Inflammatory macrophages exhibit metabolic reprogramming, diverting resources towards TG synthesis and accumulating LDs. Both Dgat1 and Dgat2, the enzymes responsible for TG synthesis, are upregulated. Inhibition of TG synthesis using DGAT1 inhibitor T863 or DGAT1 shRNA significantly reduced LD accumulation, as visualized by microscopy and flow cytometry. This inhibition also led to a marked decrease in the production of pro-inflammatory cytokines IL-1β and IL-6, and a reduction in phagocytic capacity. In vivo experiments demonstrated that T863 treatment reduced LPS-induced systemic inflammation and decreased serum levels of IL-1β and IL-6. Interestingly, inhibition of TG synthesis did not affect core metabolic pathways like glycolysis or itaconate production, but it did increase mitochondrial ROS. The study revealed that a key effect of inhibiting TG synthesis was a significant reduction in PGE2 production. Exogenous PGE2 restored IL-1β and IL-6 production and phagocytic capacity in macrophages with inhibited TG synthesis, suggesting PGE2 acts as a critical downstream mediator of TG synthesis's effects. The accumulation of AA-containing TGs in LDs provides substrate for PGE2 synthesis, and this is disrupted by TG synthesis inhibition.

This study demonstrates a previously unrecognized crucial role for TG synthesis and LD accumulation in the inflammatory response of macrophages.
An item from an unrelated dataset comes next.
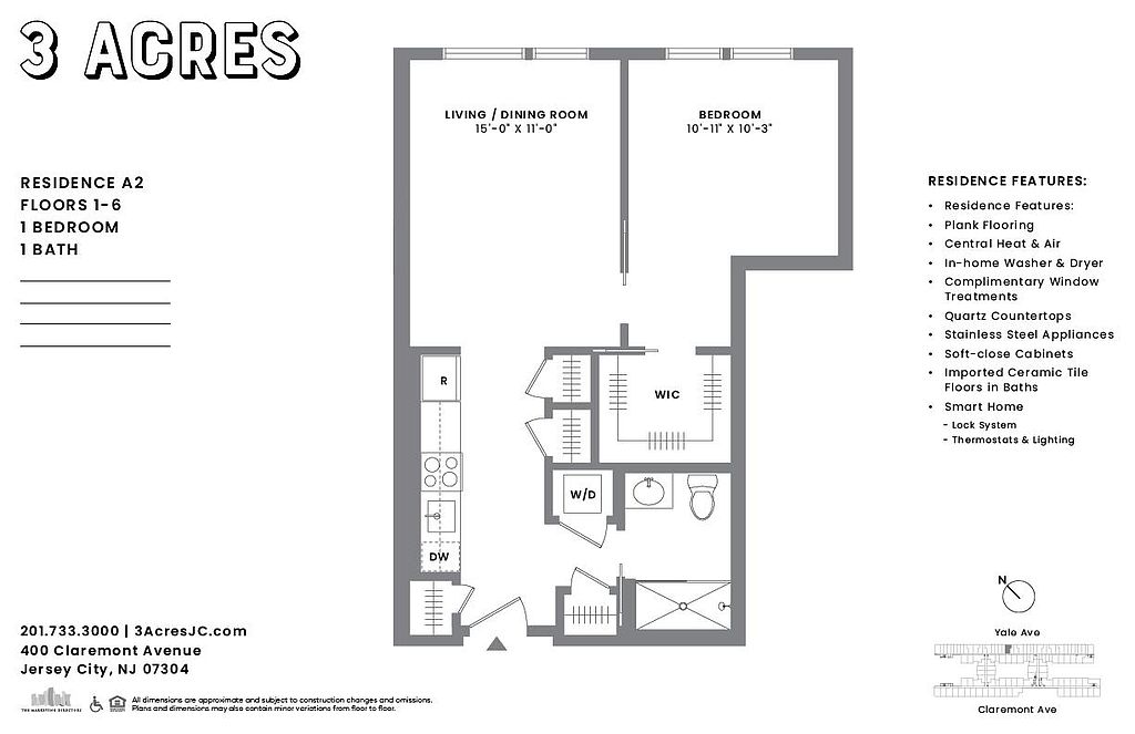 Located in the West Side of Jersey City, 3 Acres is near small businesses, family-owned restaurants, bars, cafes, a short walk away from Lincoln Park, and conveniently located less than a minute away from the Light Rail Station with complimentary shuttle service to the PATH.

The findings suggest that the metabolic reprogramming observed in inflammatory macrophages is not merely a consequence of activation, but actively contributes to their function. The dependence of inflammatory responses on PGE2 highlights a potential therapeutic target. The observed increase in long-chain acylcarnitines when TG synthesis is inhibited suggests an alternative mechanism for handling excess FAs in the absence of LD formation, although the functional significance of this accumulation needs further exploration. The lack of effect on core metabolic pathways like glycolysis and itaconate production indicates that TG synthesis operates in a parallel pathway important for maximizing inflammatory function. The impact of DGAT1 inhibition on PGE2 production and the ability of exogenous PGE2 to rescue inflammatory function underscore the importance of this pathway in inflammatory macrophage activation.
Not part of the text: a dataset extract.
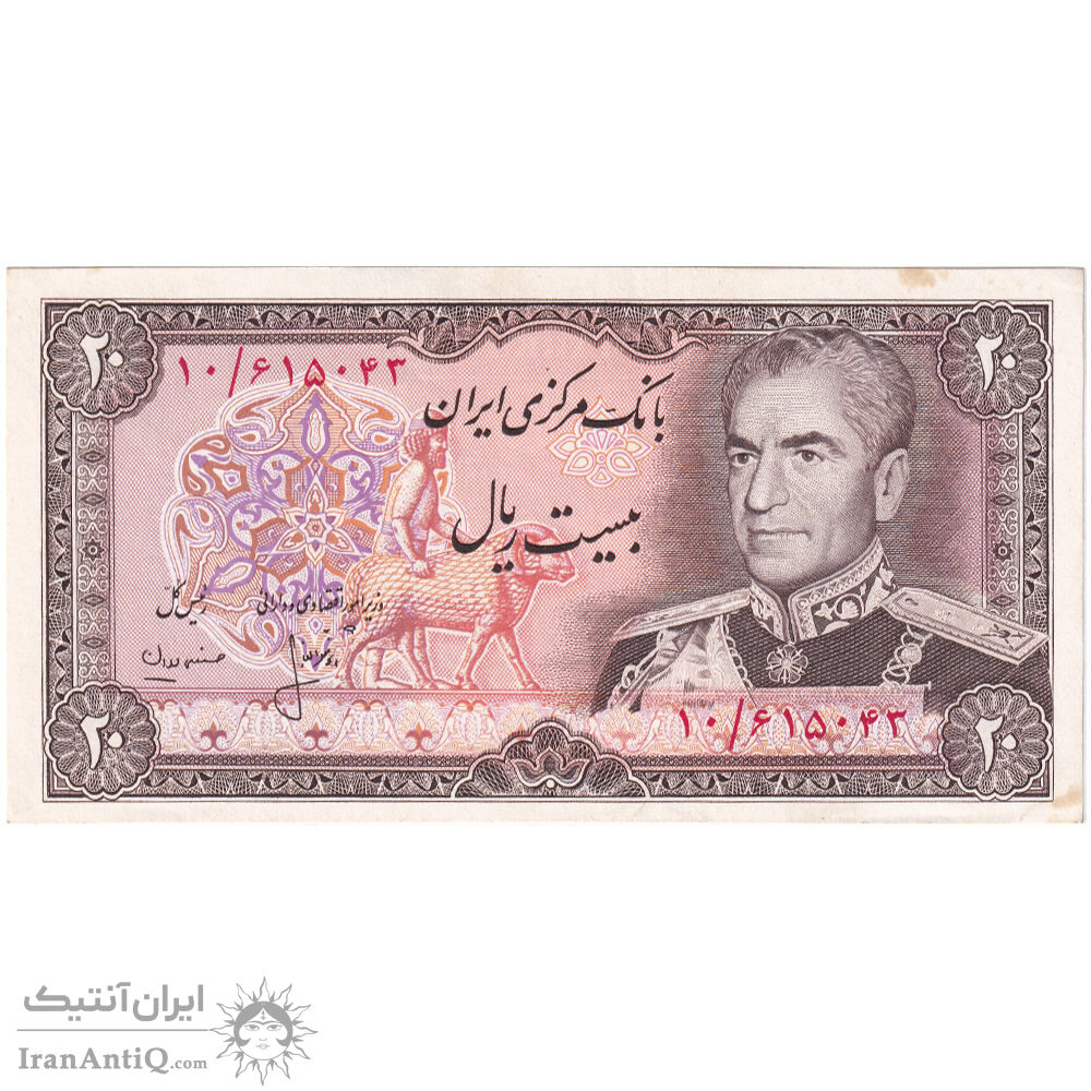 اسکناس 20 ریال (انصاری - مهران) ریال بسته - تک - AU53 - محمد رضا شاه

This research establishes that triacylglycerol synthesis via DGAT1 is essential for optimal inflammatory macrophage activation. Inhibition of TG synthesis leads to decreased LD formation, reduced production of inflammatory mediators (including IL-1β, IL-6, and PGE2), and impaired phagocytosis. The critical role of PGE2 in this process suggests that targeting TG synthesis could be a valuable therapeutic strategy for inflammatory diseases. Future research should investigate the potential off-target effects of the DGAT1 inhibitor and the precise mechanisms through which PGE2 amplifies inflammation.
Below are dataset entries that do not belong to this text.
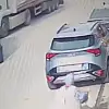 Güvenlik kameralarına yansıyan o anlarda, bir yayanın hızla kaçarak savrulan aracın altında kalmaktan son anda kurtulduğu görüldü.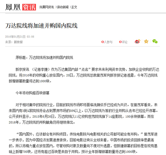 新京报讯 (记者李捷)作为万达集团内部“点名”要求未来利用资本优势,加快企业收购的万达院线,将2016年的收购重心放在国内。20日,万达院线总裁曾茂军向新京报记者透露,今年万达院线新增银幕数量将达到1000块。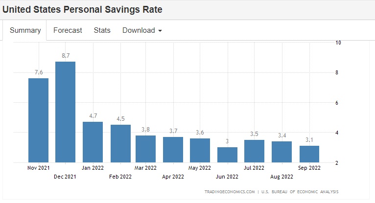 最新的储蓄统计数据显示,美国个人储蓄率从2022年8月的3.40%降至9月的3.10%,市场预计10月也将维持在3.1%低水位附近。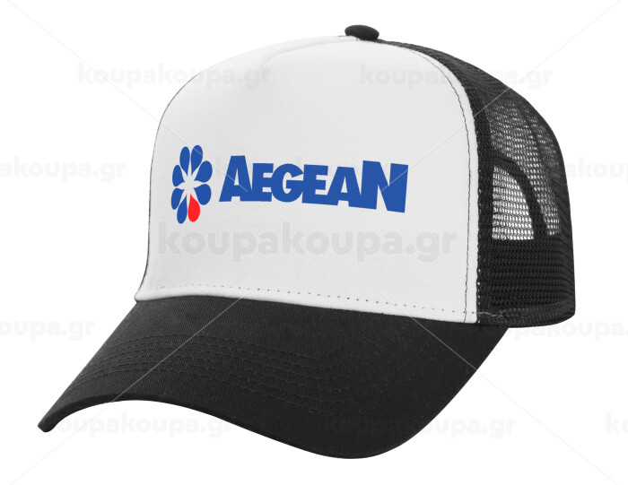 Πρατήριο καυσίμων AEGEAN, Adult Structured Trucker Hat, with Mesh, WHITE/BLACK (100% COTTON, ADULT, UNISEX, ONE SIZE)

While the study strongly suggests a causal link between TG synthesis and inflammatory macrophage function, the use of a DGAT1 inhibitor raises the possibility of off-target effects. Further studies with genetic knockout models would strengthen the findings. The in vivo experiments primarily focused on systemic inflammation; further research could examine the impact of DGAT1 inhibition on specific inflammatory tissues. The mechanisms underlying the increased mitochondrial ROS and long-chain acylcarnitine accumulation in the absence of TG synthesis warrant further investigation.